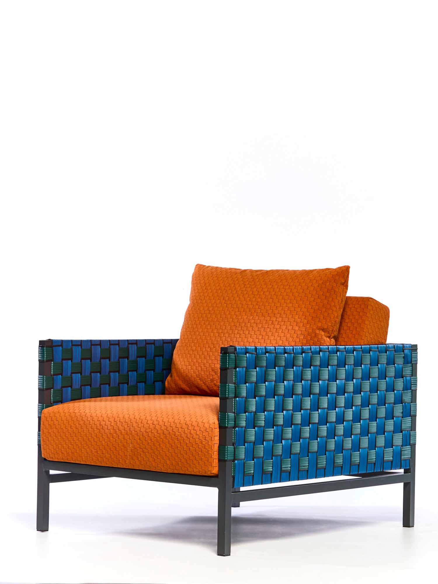 The Pandan Chair celebrates the beauty of traditional weaving through a contemporary lens. Inspired by the simple elegance of handcrafted weave patterns, its design captures the delicate interplay of light and shadow — a tribute to the artistry and human touch behind handmade craftsmanship. The bold colors and linear details of the woven recycled plastic strips bring a modern vibrancy, transforming this chair into a statement of both comfort and design.
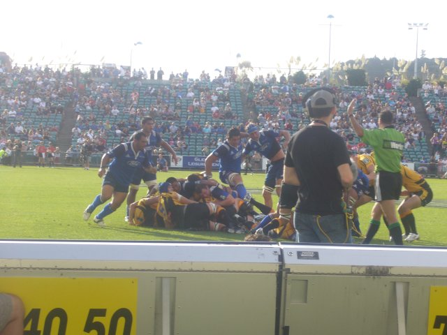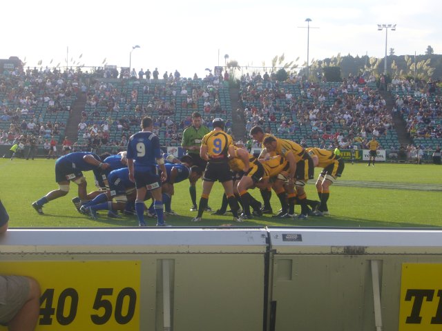 Naja… Jedenfalls hatten wir einen fantastischen Einstieg hier in Neuseeland. Als erstes habe ich Christian ein bisschen die Stadt gezeigt. Es ist ungefähr so wie in Köln: Hässliche Innenstadt, prima Flair. Nur dass Auckland nicht so häßlich ist wie Köln und das Meer dann doch schon was netter ist als der Rhein. Am zweiten Tag trafen wir uns mit Allan, haben uns den North Head sowie das Rugbyspiel West-Australien gegen Auckland angeschaut und sind Abends über Takapuna wieder nach Auckland zurückgekommen. Eine interessante Eigenschaft von Rugby: Je härter das Spiel, desto entspannter die Fans. Außer ein paar harmlosen Sprüchen war die Atmosphäre sehr entspannt und die Fans der verschiedenen Teams sitzen im gleichen Block.
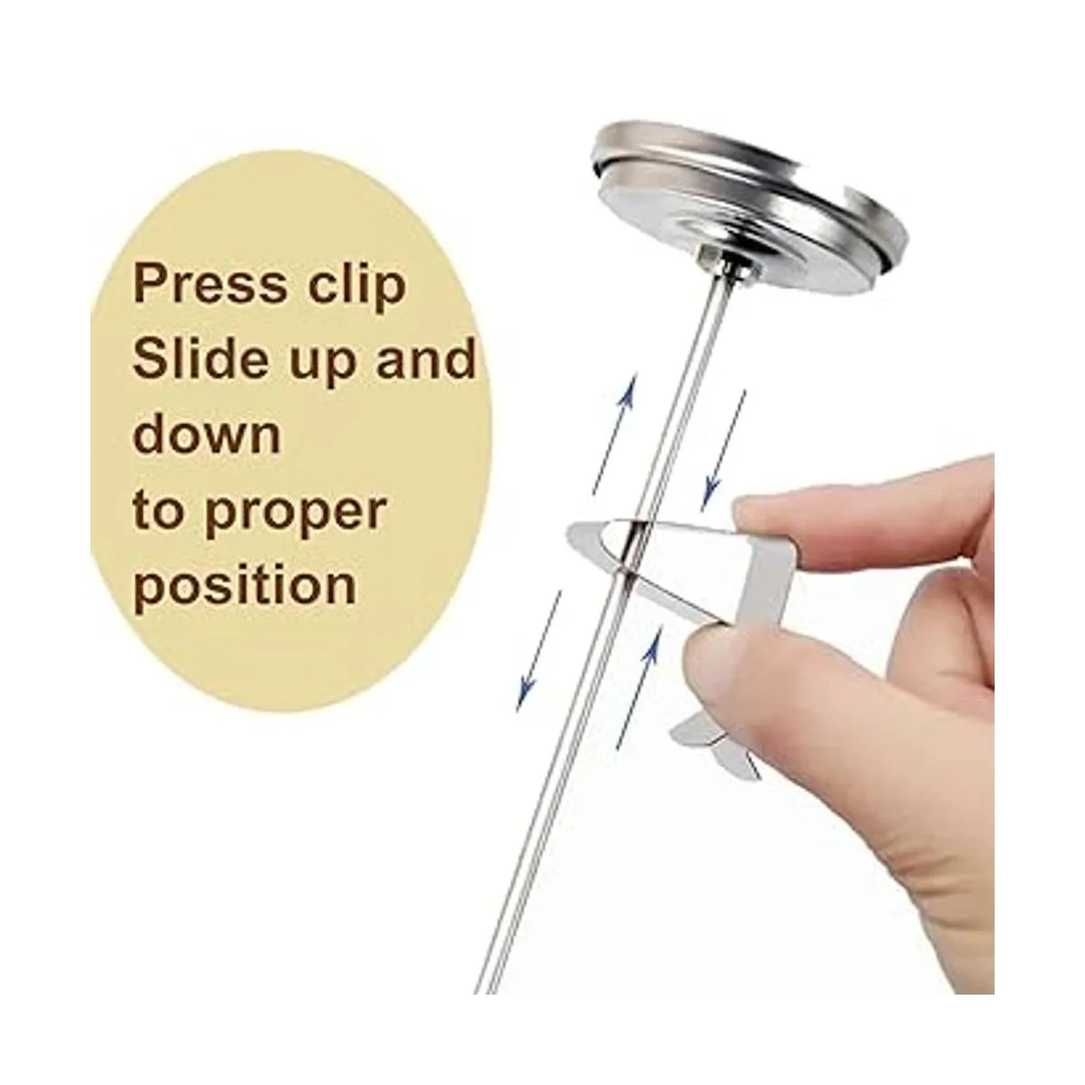 Acero inoxidable de grado alimenticio: el clip deslizante ajustable en el vástago puede sostener el termómetro a las jarras firmemente. Vidrio resistente a la niebla, esfera de acero inoxidable de grado alimenticio y sonda lo mantienen resistente, no tóxico, seguro de usar, resistente a la corrosión y fácil de limpiar.
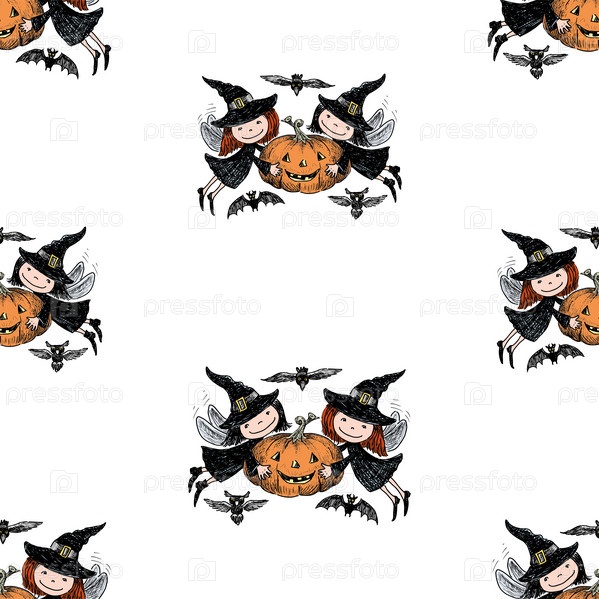 Бесшовный рисунок веселых летающих эльфов с тыквой на Хэллоуине
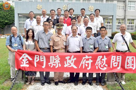 縣長李沃士昨日率隊,赴台前往左營、龍泉、官田、大內各訓練中心,慰問九十二位金門籍役男。縣長李沃士對金門子弟入伍服役備極關心,致贈個人慰問金,部隊加菜金及紀念酒,感謝各訓練中心對金門子弟兵的照顧。李縣長告訴役男,把當兵視作人生重要的磨練機會,以不斷學習的精神,為踏入社會做足準備,開創美好的人生。 金門縣政府昨(二十四)日起組團赴台各訓練中心,展開一連兩天的役男慰問行程。由縣長李沃士擔任團長、民政局局長翁伸金擔任副團長,成員包括機要秘書鄭志傑、金湖鎮鎮長蔡西湖、金沙鎮鎮長陳昆第、金沙鎮代表會主席王秀玉、金寧鄉鄉長陳成勇、金城鎮鎮長石兆日、金城鎮代表會主席陳天成、烈嶼鄉鄉長洪成發、烈嶼鄉代表會主席洪若珊、軍友社金門連絡組長盧清土等二十人。 縣長李沃士所率團隊,首日依序抵達左營海軍、屏東龍泉、台南大內、台南官田等訓練中心,慰問金門籍入營新兵,受到左營海軍新訓中心指揮官林中行上校,屏東陸戰旅旅長樊傳聲上校、政戰處長林權宏中校、官田營區張英仁上校、大內營區黃胤荃上校等歡迎。 縣長李沃士表示,炎炎夏日入伍,到各部隊訓練十分辛苦,特別組團到台灣各訓練中心,關心縣籍役男服役情形,也代表金門鄉親轉達關懷之意。所到之處,不論是海軍、空軍或陸戰隊,役男們個個精神抖擻、面帶笑容,令人感到放心;黝黑皮膚更令人嗅到男子漢的氣息,感謝各訓練單位對金門籍役男的照顧,也期勉役男掌握學習機會,讓自己從當兵的磨練中「轉大人」,為踏出社會做足準備。 李縣長也以過來人身分分享服役心得表示,當兵是人生重要的歷程,秉持積極正面的態度,從磨練中不斷學習成長,它將會是人生一段最值得驕傲、最有價值的回憶。 此次五鄉鎮長全員到齊,除致贈慰問金外也和役男面對面座談,瞭解軍旅生活適應情形。屏東縣市金門同鄉會總幹事楊忠永、榮譽理事長鄭永富、副總幹事林文泰、高雄市浯江金門同鄉會理事長楊維居、高雄市金門同鄉會理事長翁明祺、本報南區特派員王世勤、南部服務處主任蔡忠盼也陪同前往。 縣長李沃士叮嚀役男,持續發揚金門子弟的樸實與堅忍特質,如遇有問題,要向部隊幹部、縣府民政局、縣府旅台鄉親服務處或撥打082-320225尋求協助。 根據金門縣政府民政局說明,目前金門籍子弟兵,在台灣各訓練中心服役者約一百四十餘人。金門各界在結束首日左營、龍泉、官田、大內慰問行程後,今(二十五)日將北上前往嘉義中坑、台中成功嶺慰問縣籍役男,下午搭機返金。

— WHAT YOU SHOULD DO —
Transcribe all the records above word for word, without their images.

— SOLUTION TO THE PROBLEM —
 The Pandan Chair celebrates the beauty of traditional weaving through a contemporary lens. Inspired by the simple elegance of handcrafted weave patterns, its design captures the delicate interplay of light and shadow — a tribute to the artistry and human touch behind handmade craftsmanship. The bold colors and linear details of the woven recycled plastic strips bring a modern vibrancy, transforming this chair into a statement of both comfort and design.
 Naja… Jedenfalls hatten wir einen fantastischen Einstieg hier in Neuseeland. Als erstes habe ich Christian ein bisschen die Stadt gezeigt. Es ist ungefähr so wie in Köln: Hässliche Innenstadt, prima Flair. Nur dass Auckland nicht so häßlich ist wie Köln und das Meer dann doch schon was netter ist als der Rhein. Am zweiten Tag trafen wir uns mit Allan, haben uns den North Head sowie das Rugbyspiel West-Australien gegen Auckland angeschaut und sind Abends über Takapuna wieder nach Auckland zurückgekommen. Eine interessante Eigenschaft von Rugby: Je härter das Spiel, desto entspannter die Fans. Außer ein paar harmlosen Sprüchen war die Atmosphäre sehr entspannt und die Fans der verschiedenen Teams sitzen im gleichen Block.
 Acero inoxidable de grado alimenticio: el clip deslizante ajustable en el vástago puede sostener el termómetro a las jarras firmemente. Vidrio resistente a la niebla, esfera de acero inoxidable de grado alimenticio y sonda lo mantienen resistente, no tóxico, seguro de usar, resistente a la corrosión y fácil de limpiar.
 Бесшовный рисунок веселых летающих эльфов с тыквой на Хэллоуине
 縣長李沃士昨日率隊,赴台前往左營、龍泉、官田、大內各訓練中心,慰問九十二位金門籍役男。縣長李沃士對金門子弟入伍服役備極關心,致贈個人慰問金,部隊加菜金及紀念酒,感謝各訓練中心對金門子弟兵的照顧。李縣長告訴役男,把當兵視作人生重要的磨練機會,以不斷學習的精神,為踏入社會做足準備,開創美好的人生。 金門縣政府昨(二十四)日起組團赴台各訓練中心,展開一連兩天的役男慰問行程。由縣長李沃士擔任團長、民政局局長翁伸金擔任副團長,成員包括機要秘書鄭志傑、金湖鎮鎮長蔡西湖、金沙鎮鎮長陳昆第、金沙鎮代表會主席王秀玉、金寧鄉鄉長陳成勇、金城鎮鎮長石兆日、金城鎮代表會主席陳天成、烈嶼鄉鄉長洪成發、烈嶼鄉代表會主席洪若珊、軍友社金門連絡組長盧清土等二十人。 縣長李沃士所率團隊,首日依序抵達左營海軍、屏東龍泉、台南大內、台南官田等訓練中心,慰問金門籍入營新兵,受到左營海軍新訓中心指揮官林中行上校,屏東陸戰旅旅長樊傳聲上校、政戰處長林權宏中校、官田營區張英仁上校、大內營區黃胤荃上校等歡迎。 縣長李沃士表示,炎炎夏日入伍,到各部隊訓練十分辛苦,特別組團到台灣各訓練中心,關心縣籍役男服役情形,也代表金門鄉親轉達關懷之意。所到之處,不論是海軍、空軍或陸戰隊,役男們個個精神抖擻、面帶笑容,令人感到放心;黝黑皮膚更令人嗅到男子漢的氣息,感謝各訓練單位對金門籍役男的照顧,也期勉役男掌握學習機會,讓自己從當兵的磨練中「轉大人」,為踏出社會做足準備。 李縣長也以過來人身分分享服役心得表示,當兵是人生重要的歷程,秉持積極正面的態度,從磨練中不斷學習成長,它將會是人生一段最值得驕傲、最有價值的回憶。 此次五鄉鎮長全員到齊,除致贈慰問金外也和役男面對面座談,瞭解軍旅生活適應情形。屏東縣市金門同鄉會總幹事楊忠永、榮譽理事長鄭永富、副總幹事林文泰、高雄市浯江金門同鄉會理事長楊維居、高雄市金門同鄉會理事長翁明祺、本報南區特派員王世勤、南部服務處主任蔡忠盼也陪同前往。 縣長李沃士叮嚀役男,持續發揚金門子弟的樸實與堅忍特質,如遇有問題,要向部隊幹部、縣府民政局、縣府旅台鄉親服務處或撥打082-320225尋求協助。 根據金門縣政府民政局說明,目前金門籍子弟兵,在台灣各訓練中心服役者約一百四十餘人。金門各界在結束首日左營、龍泉、官田、大內慰問行程後,今(二十五)日將北上前往嘉義中坑、台中成功嶺慰問縣籍役男,下午搭機返金。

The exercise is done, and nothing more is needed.